Die Auszeichnung für Soziales Engagement ging an Mehmet Dagci von der Ottenser Foodkitchen. Nach Darstellung der Veranstalter versorgt Mehmet Dagci mit seiner Ottenser Foodkitchen nicht nur Gäste aus Ottensen und Umgebung mit leckerem Streetfood, sondern auch Bedürftige. Bereits sechsmal habe Dagci seinen Imbiss geschlossen, um etwas zurückzugeben und gemeinsam mit Spendern und helfenden Händen auf Spenden angewiesene Menschen mit Burgern und Co. zu versorgen. Dies wird als „ein ausgezeichnetes soziales Engagement – im wahrsten Sinne des Wortes“ beschrieben.

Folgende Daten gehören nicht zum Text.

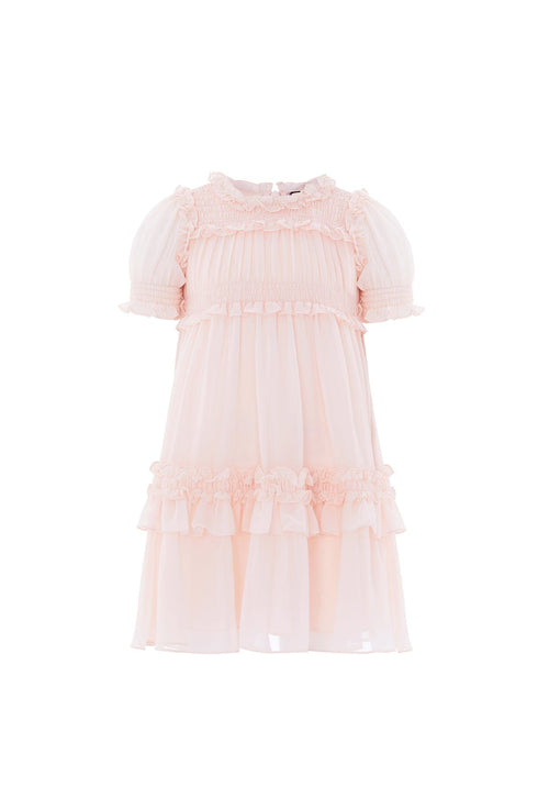 NEW SEASON. The Emilia Georgette Kids Dress in Opal. A light and flowy silhouette crafted in delicate georgette. With gentle shirring at the waist and sleeves, this piece is perfect for flower girls or any special event. Style with the matching women's Emilia Crepe Dress for a sweet family matching moment.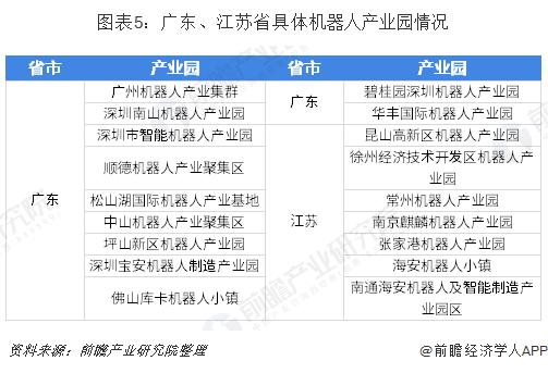 具体来看,广东省机器人产业园主要分布在深圳、广州、佛山、东莞、中山等地,其中11所产业园中6所均在深圳,占比54.5%,分布十分不均衡。而江苏机器人产业园主要分布在徐州、南京、常州、张家港、南通等地,分布相对均衡。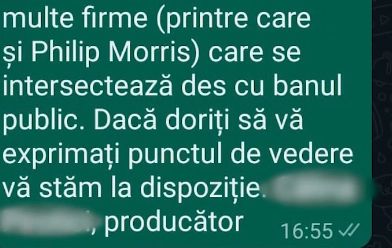 Producătorii emisiunii Culisele Statului Paralel au încercat să afle de ce o companie precum Philip Morrris avea nevoie de serviciile de consultanță ale lui Ponta, însă reprezentantul companiei nu a răspuns .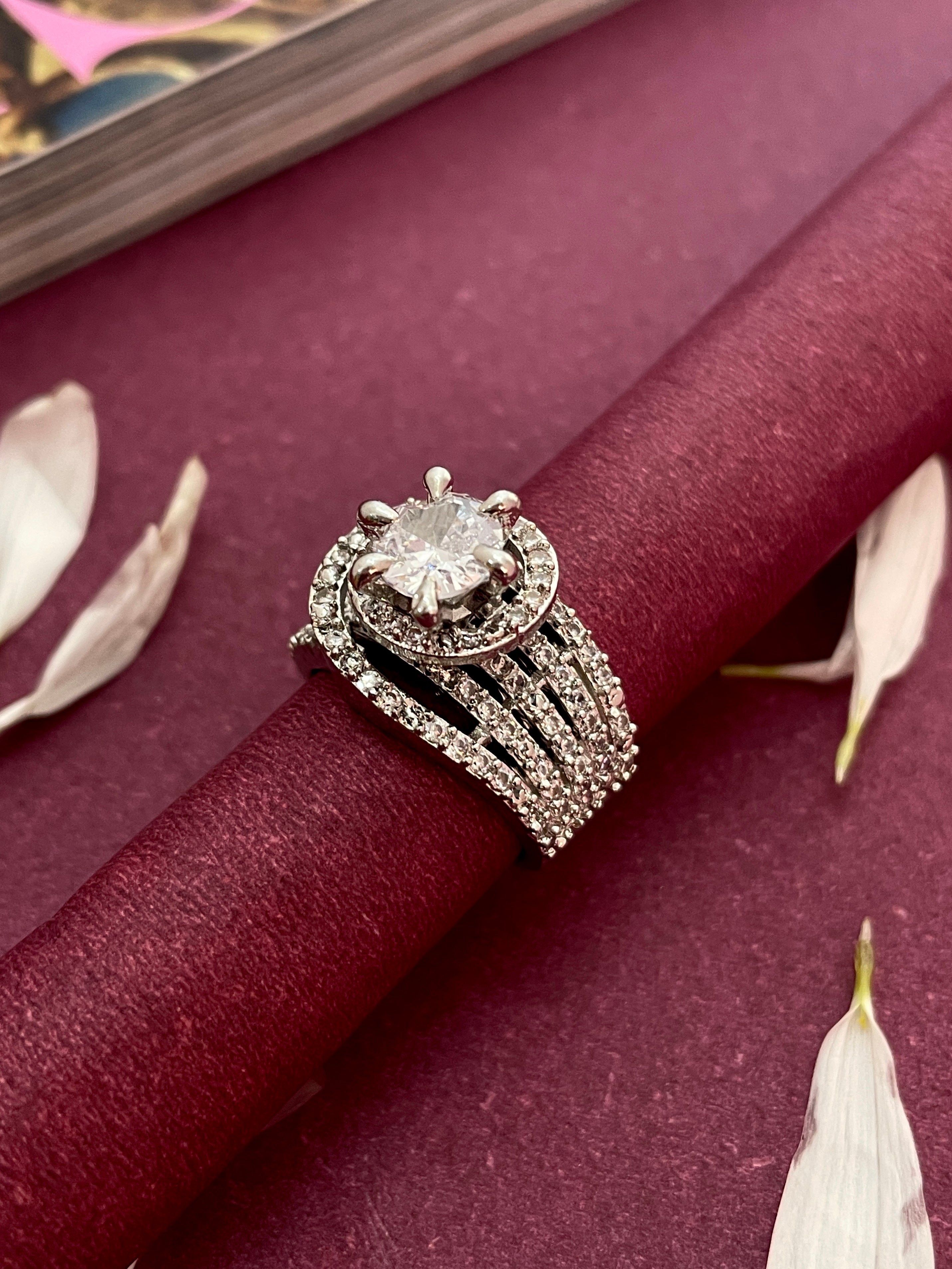 The Celestique AD Ring is a dazzling piece that combines shine with elegance. Designed with a brilliant solitaire at the center, surrounded by sparkling American Diamonds, it gives a luxurious and timeless look. Its adjustable band ensures a perfect fit, making it easy and comfortable to wear for any occasion.

Der Genuss-Michel in der Kategorie Nachhaltigkeit ging an Thomas Effenberger von der Effenberger Vollkornbäckerei. Seit 40 Jahren backt Thomas Effenberger in Hamburg Vollkornbrote. Gemeinsam mit seiner Frau Anne Effenberger achte er an jedem Punkt der Wertschöpfungskette auf Nachhaltigkeit. Chemische Hilfsstoffe kämen in der Handwerksbäckerei nicht zum Einsatz, hier wird ganz nach alter Tradition gebacken. Zum Gesamtkonzept gehörten auch moderne Lösungen wie Solarstrom in der Produktion und mit Ökostrom betriebene Fahrzeuge. Alles, damit auch die kommenden Generationen noch fantastisches Brot genießen können.